Recorded data:
* * * * * * * * *
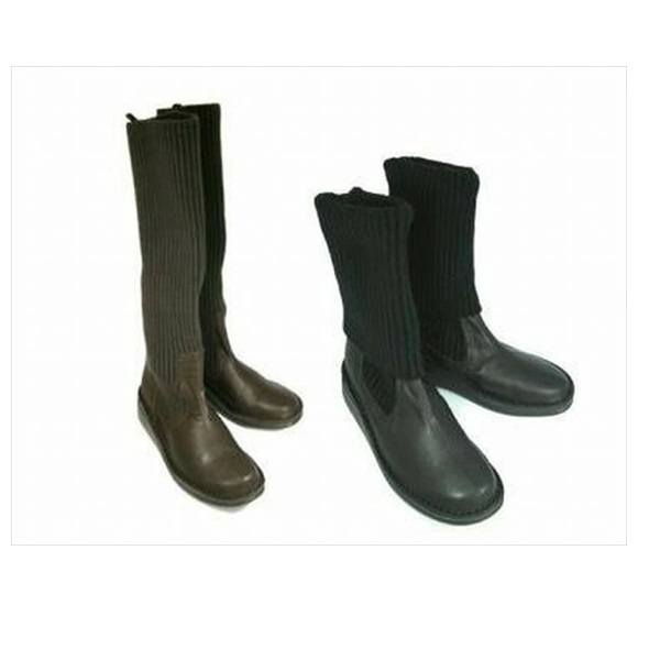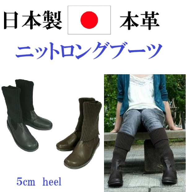 日本製 本革ブーツ ロングブーツ ニットブーツ ミドルブーツ レディース ローヒール フラット 厚底 ウェッジ ブーツ ニット 歩きやすい 痛くない 幅広 黒 茶
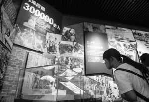 ?、?nbsp;7月12日,觀眾在中國人民抗日戰(zhàn)爭紀念館觀看“南京大屠殺”的相關(guān)史料。
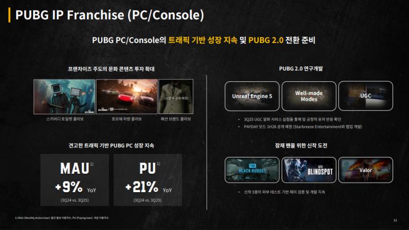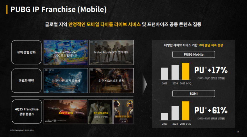 • 트래픽 방어와 수익화를 병행하는 운영 전략으로 PUBG 프랜차이즈의 경쟁력 입증
* * * * * * * * *
Work item:
The data needs to be reproduced exactly, please, apart from its pictures.

Written answer:
 日本製 本革ブーツ ロングブーツ ニットブーツ ミドルブーツ レディース ローヒール フラット 厚底 ウェッジ ブーツ ニット 歩きやすい 痛くない 幅広 黒 茶
 ?、?nbsp;7月12日,觀眾在中國人民抗日戰(zhàn)爭紀念館觀看“南京大屠殺”的相關(guān)史料。
 • 트래픽 방어와 수익화를 병행하는 운영 전략으로 PUBG 프랜차이즈의 경쟁력 입증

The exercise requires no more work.